Such right of indemnification shall not apply, however, in relation to matters
 as to which any such director or officer or former director or officer shall
    be finally adjudged in such action, suit or proceeding to be liable for
 negligence or misconduct in the performance of his duty to the corporation or
 such other corporation, unless the proper court shall determine that despite
    such adjudication of liability, such officer or director is fairly and
   reasonably entitled to indemnify for such expense as the court shall deem
 proper.  If any such claim, action, suit or proceeding is settled (whether by
 agreement entry of judgement by consent, or otherwise), the determination in
   good faith by the Board of Directors of the corporation that such claim,
action suit or proceeding did not arise out of negligence or misconduct in the
 performance of duty by the director or officer or former director or officer
 or person indemnified and that such director or officer or former director or
 officer or person would not be held liable for the claims, suit or proceeding
  in question, shall be necessary and sufficient to justify indemnification. 
 The right of indemnification herein provided shall not be exclusive under any
       statute, By-Law, agreement, vote of shareholders, or otherwise.

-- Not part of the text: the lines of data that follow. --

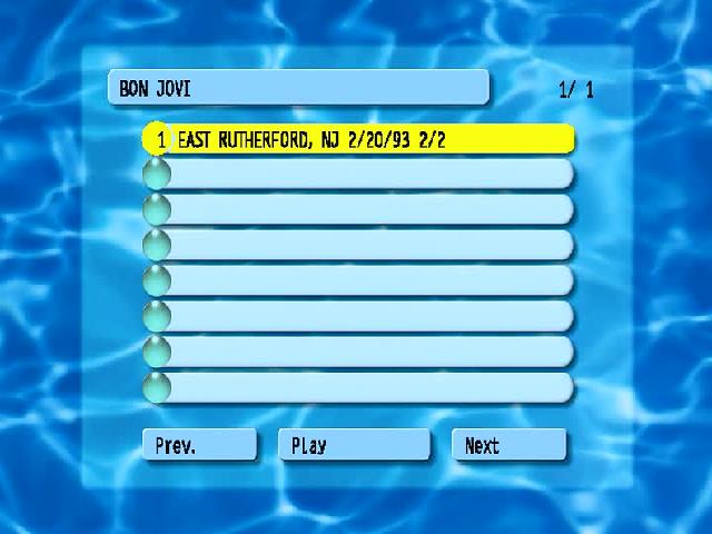1. Lay Your Hands on Me 2. Blood on Blood 3. Bad Medicine / Shout 4. Acoustic Guitar Solo / Wanted Dead or Alive 5. Livin' on a Prayer 6. I'll Sleep When I'm Dead 7. Never Say Goodbye (Acoustic)
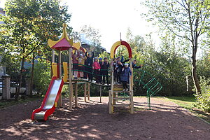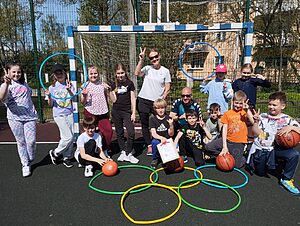 Словно добрый волшебник превратил небольшую возвышенность в спортивную площадку, каменистую поверхность почвы — в альпийские горки, зелёные полянки — в игровые площадки, тенистую аллею — в сказочный грот, а кирпичные стены гимназии — в удивительный замок.
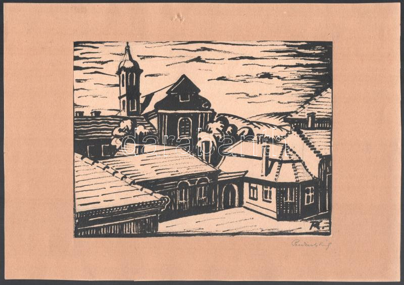 Leírás: Peukert Károly (1903-1973): Városrészlet. Tus, papír, jelzett. Paszpartuban. 17x22 cm
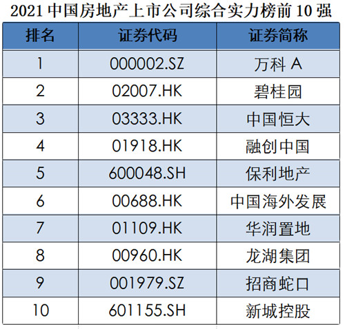 根據(jù)《2021中國房地產(chǎn)上市公司測評研究報告》顯示,10強(qiáng)上市房企整體沒有太大變化。其中,萬科繼續(xù)位列第一,碧桂園排名提升一位,位列第二,恒大、融創(chuàng)、保利、中海分別位列第三、第四、第五、第六,華潤置地、龍湖集團(tuán)排名與上年一致,分別位列第七、第八;招商蛇口排名提升三位,位列第九,首次躋身前十;新城控股位列第十位。
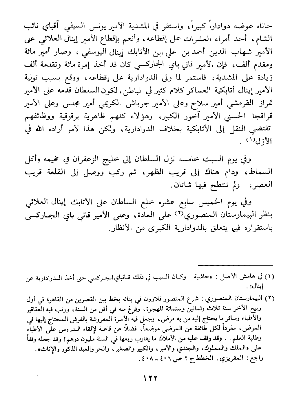 فإن قاتباي الجاركسي كان قد إذ أمره مائة وتقدمه ألف زيادة على المشدية فاستمر لما ولي الدوادارية على اقطاعه.

                               ARTICLE VIII.
                  REIMBURSEMENT OF DISALLOWED DEDUCTIONS
           Any payments made to an officer or director of the corporation such
   as salary, commissions, bonus, interest, rent or expenses which shall be
   disallowed in whole or in part as a deductible expense of the purpose of
 corporate tax reporting by the Internal Revenue Service, shall be reimbursed
 by such officer to the corporation to the full extent of such disallowance. 
     The Board of Directors shall take all necessary steps to enforce this
   repayment.  In lieu of repayment by the officer or directors the Board of
  Directors may withhold appropriate amounts from the officer's or director's
  future compensation until the payment has been recovered; provided that the
  amount withheld is sufficient t extinguish the indebtedness within five (5)
                                    years.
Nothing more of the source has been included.